Task objective
Could you output exactly the lines running from the one containing "Select Media from" to the final line of the listing below, leaving out pictures?
"""
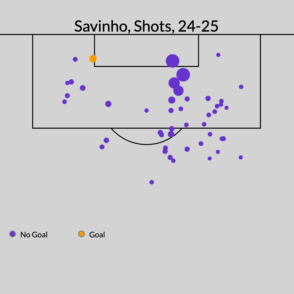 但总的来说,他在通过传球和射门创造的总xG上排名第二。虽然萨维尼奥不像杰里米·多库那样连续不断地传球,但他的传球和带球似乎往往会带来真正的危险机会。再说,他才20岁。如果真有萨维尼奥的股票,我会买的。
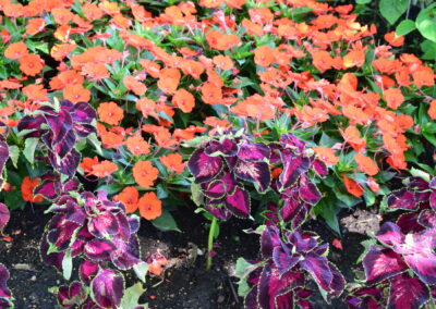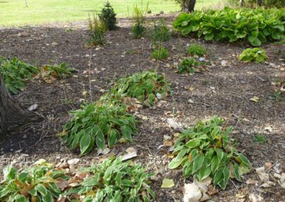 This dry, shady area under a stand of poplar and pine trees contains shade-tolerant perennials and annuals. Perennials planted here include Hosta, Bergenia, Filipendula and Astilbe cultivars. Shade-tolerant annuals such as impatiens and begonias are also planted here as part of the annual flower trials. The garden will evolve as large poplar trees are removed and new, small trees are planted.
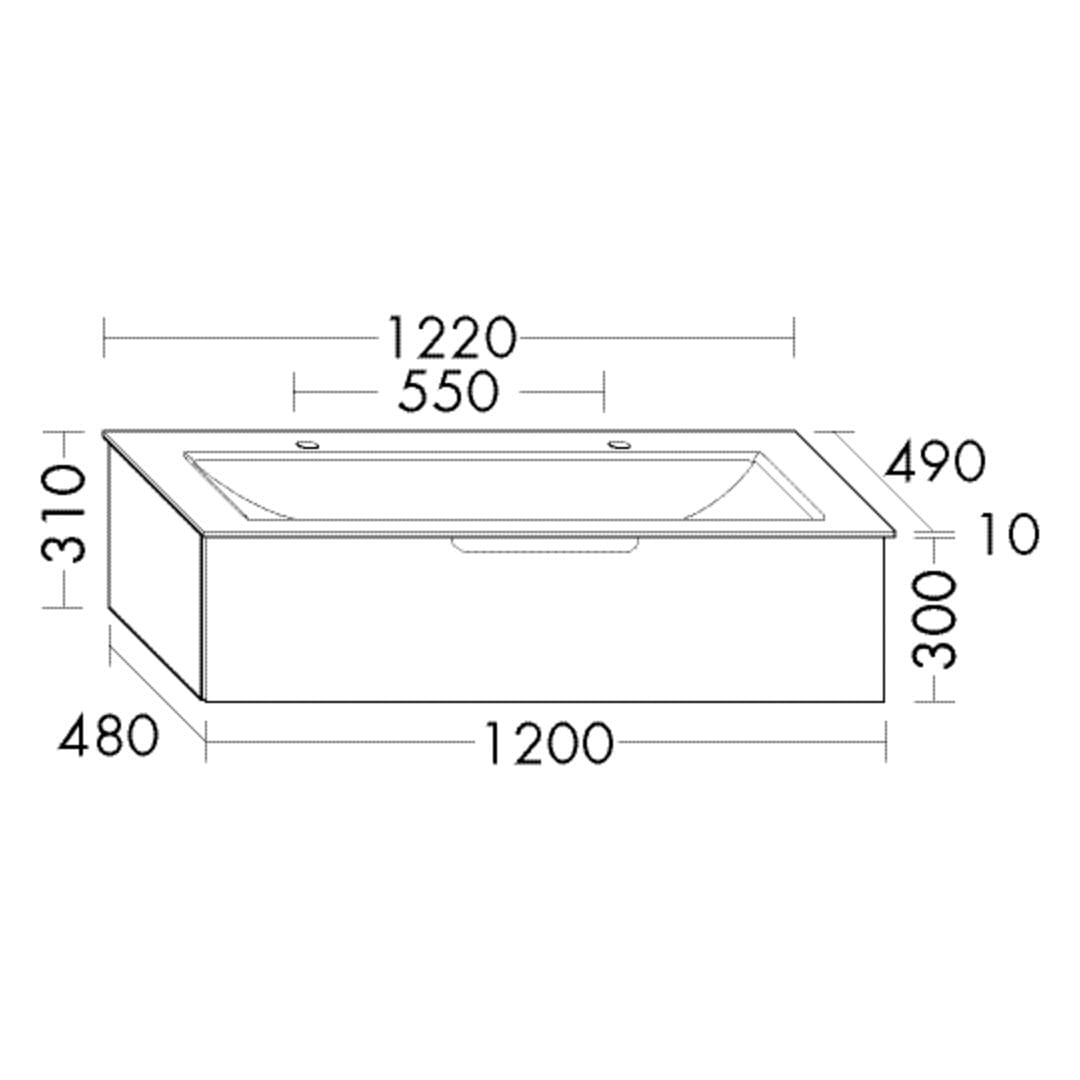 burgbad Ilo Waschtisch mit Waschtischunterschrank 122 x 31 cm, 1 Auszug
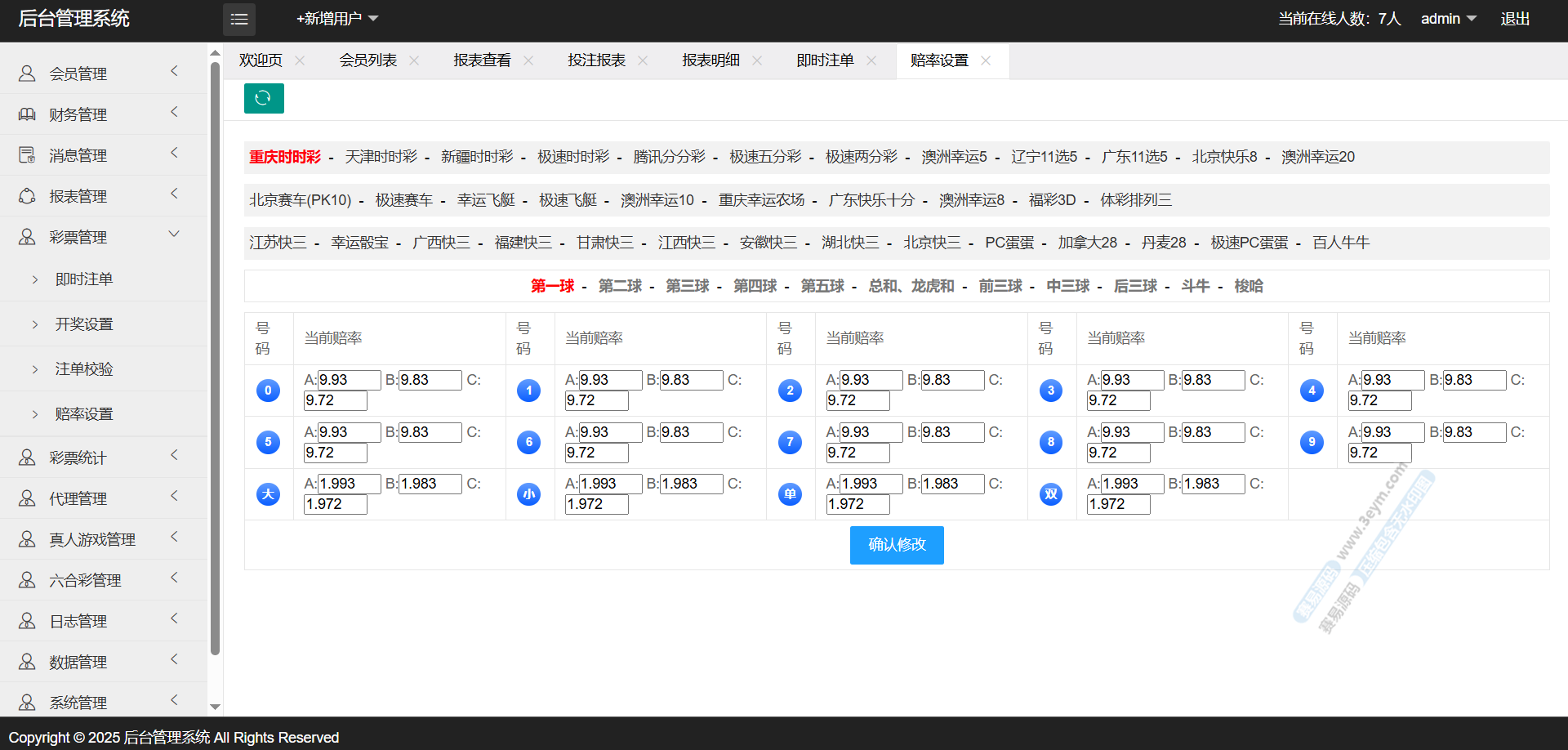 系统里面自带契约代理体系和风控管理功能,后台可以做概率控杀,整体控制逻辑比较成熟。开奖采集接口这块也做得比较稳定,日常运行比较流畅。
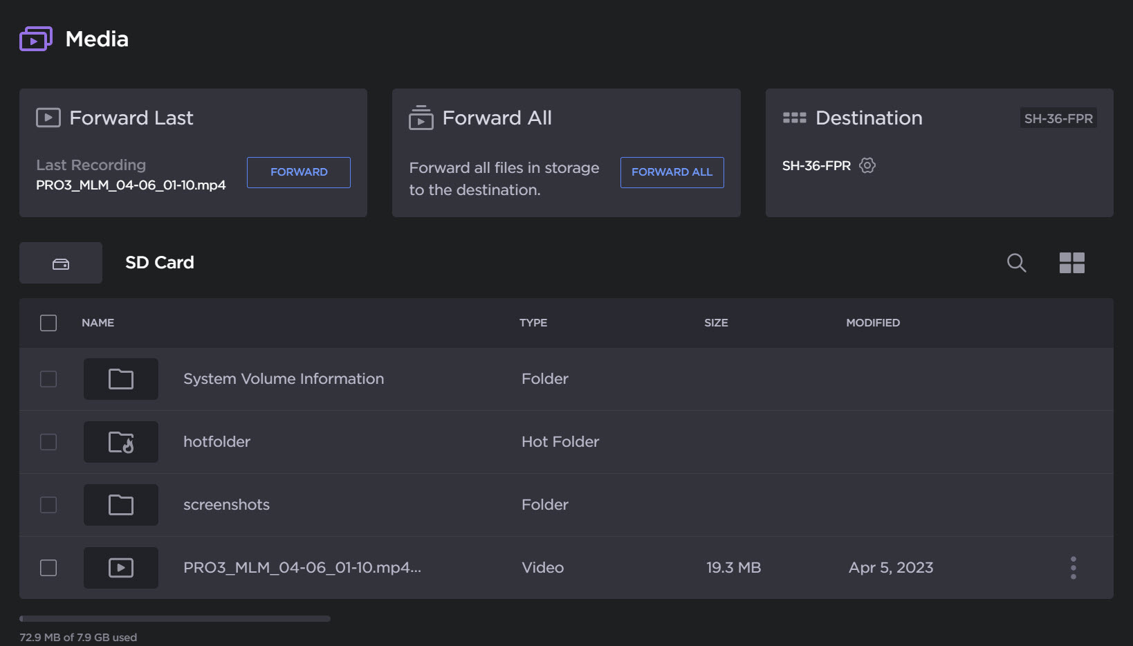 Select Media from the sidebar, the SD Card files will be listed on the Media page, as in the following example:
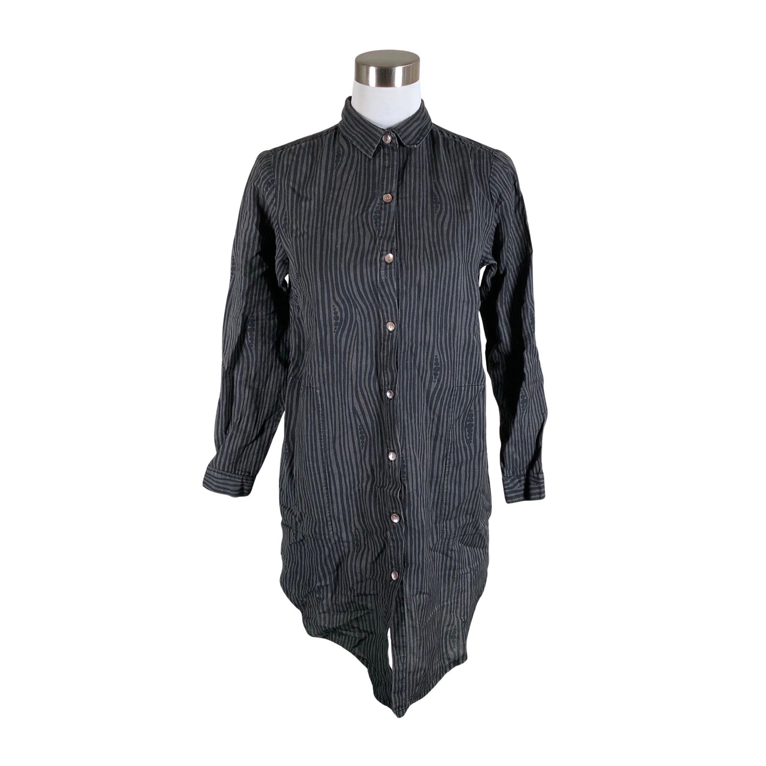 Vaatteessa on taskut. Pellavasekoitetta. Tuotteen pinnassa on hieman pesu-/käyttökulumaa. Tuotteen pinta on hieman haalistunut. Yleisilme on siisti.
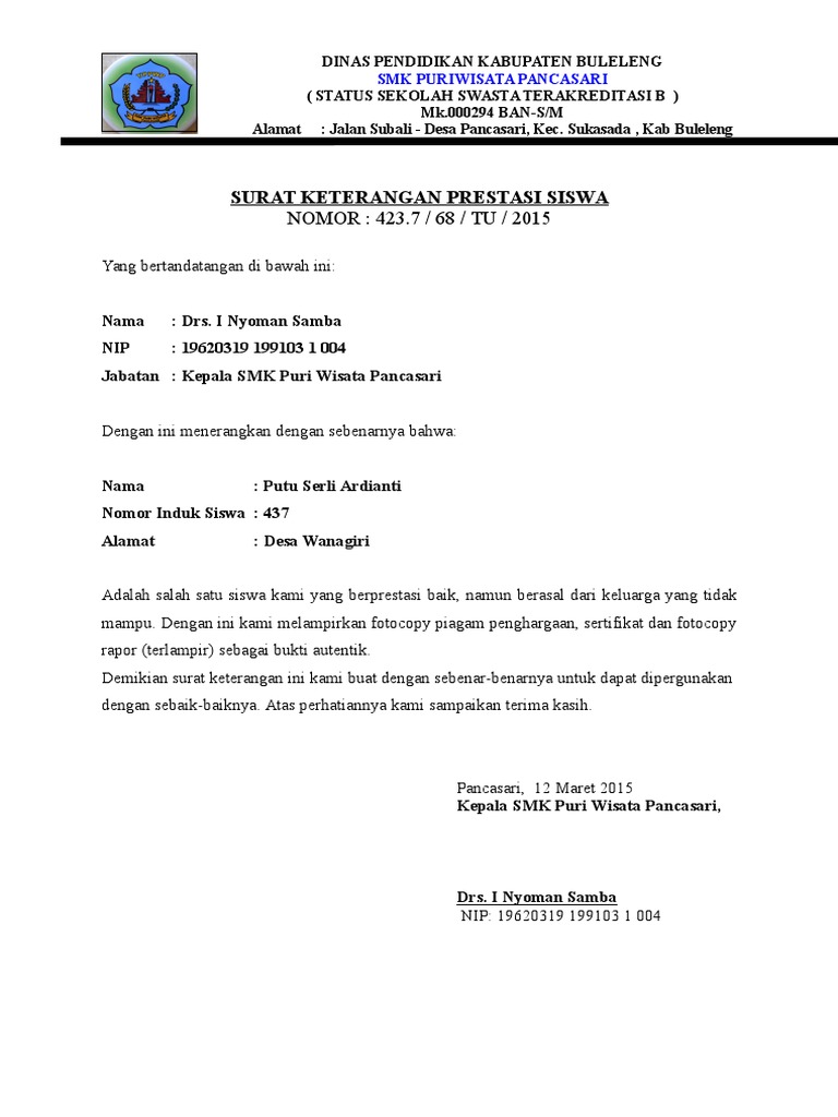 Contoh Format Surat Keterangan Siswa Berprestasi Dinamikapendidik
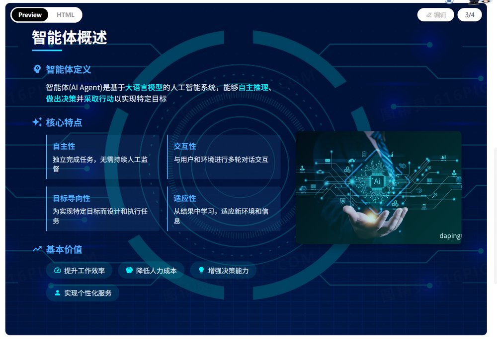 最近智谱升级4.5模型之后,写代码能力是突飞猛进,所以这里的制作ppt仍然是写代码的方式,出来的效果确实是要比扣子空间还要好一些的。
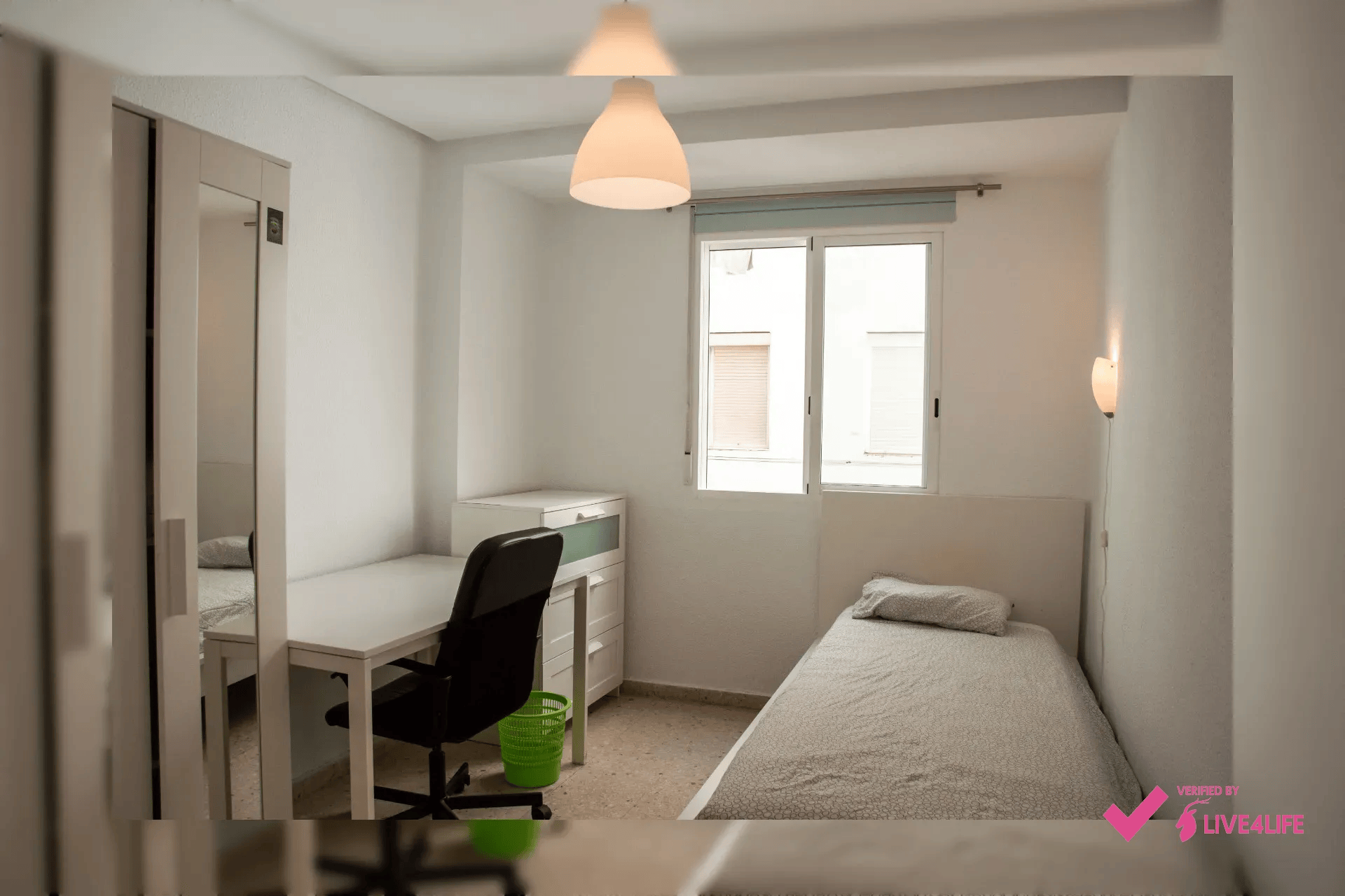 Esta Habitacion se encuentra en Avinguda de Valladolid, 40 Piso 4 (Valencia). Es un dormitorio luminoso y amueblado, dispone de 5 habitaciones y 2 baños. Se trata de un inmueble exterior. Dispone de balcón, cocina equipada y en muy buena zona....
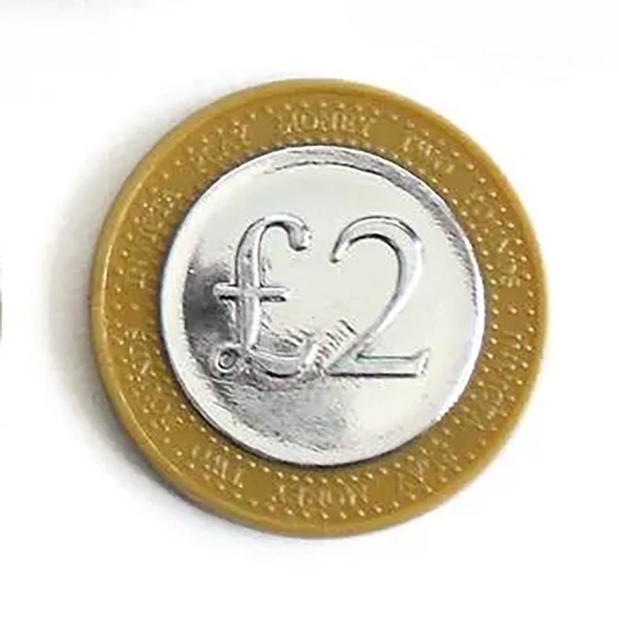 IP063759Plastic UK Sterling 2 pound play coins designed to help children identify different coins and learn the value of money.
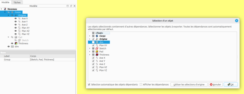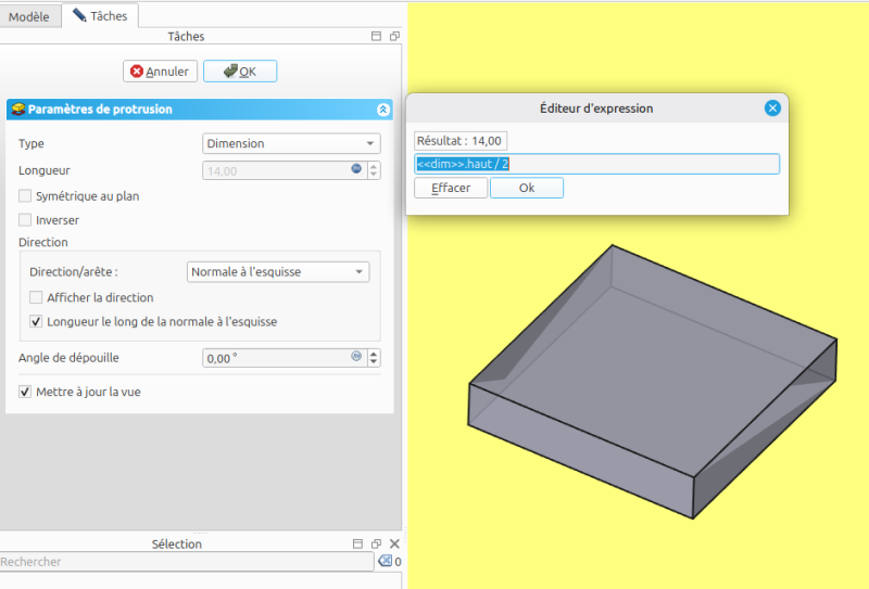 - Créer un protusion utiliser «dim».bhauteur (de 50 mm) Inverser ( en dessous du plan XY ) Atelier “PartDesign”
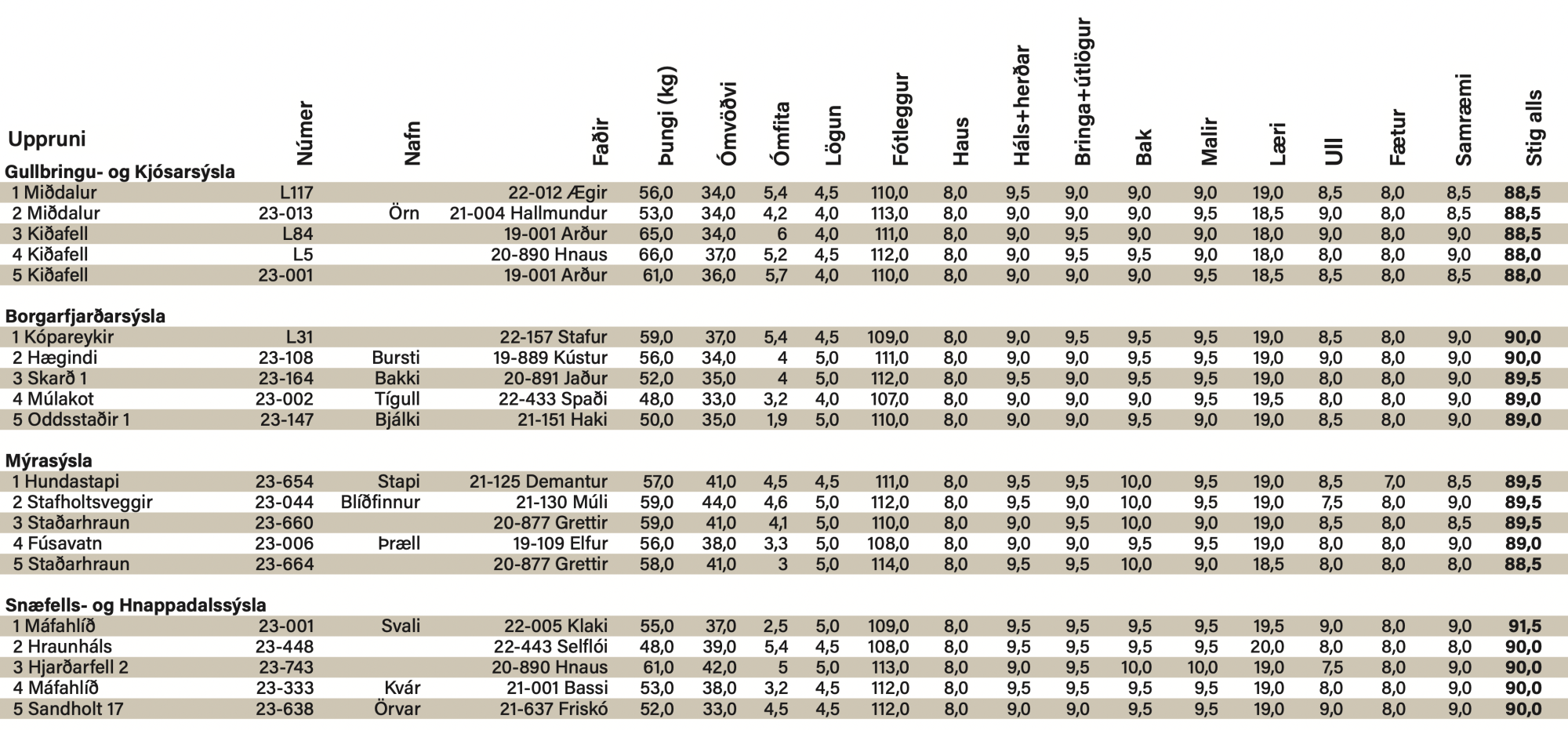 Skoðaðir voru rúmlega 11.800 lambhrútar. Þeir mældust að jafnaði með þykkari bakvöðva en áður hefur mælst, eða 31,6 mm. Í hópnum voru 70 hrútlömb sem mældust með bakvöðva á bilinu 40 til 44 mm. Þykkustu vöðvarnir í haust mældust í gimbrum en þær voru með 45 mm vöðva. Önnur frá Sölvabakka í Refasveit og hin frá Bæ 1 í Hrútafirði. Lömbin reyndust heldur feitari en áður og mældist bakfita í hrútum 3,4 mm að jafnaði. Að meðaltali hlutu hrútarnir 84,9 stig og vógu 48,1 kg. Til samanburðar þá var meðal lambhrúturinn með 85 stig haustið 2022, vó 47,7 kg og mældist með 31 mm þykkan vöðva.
"""
Answer box
 Select Media from the sidebar, the SD Card files will be listed on the Media page, as in the following example:
 Vaatteessa on taskut. Pellavasekoitetta. Tuotteen pinnassa on hieman pesu-/käyttökulumaa. Tuotteen pinta on hieman haalistunut. Yleisilme on siisti.
 Contoh Format Surat Keterangan Siswa Berprestasi Dinamikapendidik
 最近智谱升级4.5模型之后,写代码能力是突飞猛进,所以这里的制作ppt仍然是写代码的方式,出来的效果确实是要比扣子空间还要好一些的。
 Esta Habitacion se encuentra en Avinguda de Valladolid, 40 Piso 4 (Valencia). Es un dormitorio luminoso y amueblado, dispone de 5 habitaciones y 2 baños. Se trata de un inmueble exterior. Dispone de balcón, cocina equipada y en muy buena zona....
 IP063759Plastic UK Sterling 2 pound play coins designed to help children identify different coins and learn the value of money.
 - Créer un protusion utiliser «dim».bhauteur (de 50 mm) Inverser ( en dessous du plan XY ) Atelier “PartDesign”
 Skoðaðir voru rúmlega 11.800 lambhrútar. Þeir mældust að jafnaði með þykkari bakvöðva en áður hefur mælst, eða 31,6 mm. Í hópnum voru 70 hrútlömb sem mældust með bakvöðva á bilinu 40 til 44 mm. Þykkustu vöðvarnir í haust mældust í gimbrum en þær voru með 45 mm vöðva. Önnur frá Sölvabakka í Refasveit og hin frá Bæ 1 í Hrútafirði. Lömbin reyndust heldur feitari en áður og mældist bakfita í hrútum 3,4 mm að jafnaði. Að meðaltali hlutu hrútarnir 84,9 stig og vógu 48,1 kg. Til samanburðar þá var meðal lambhrúturinn með 85 stig haustið 2022, vó 47,7 kg og mældist með 31 mm þykkan vöðva.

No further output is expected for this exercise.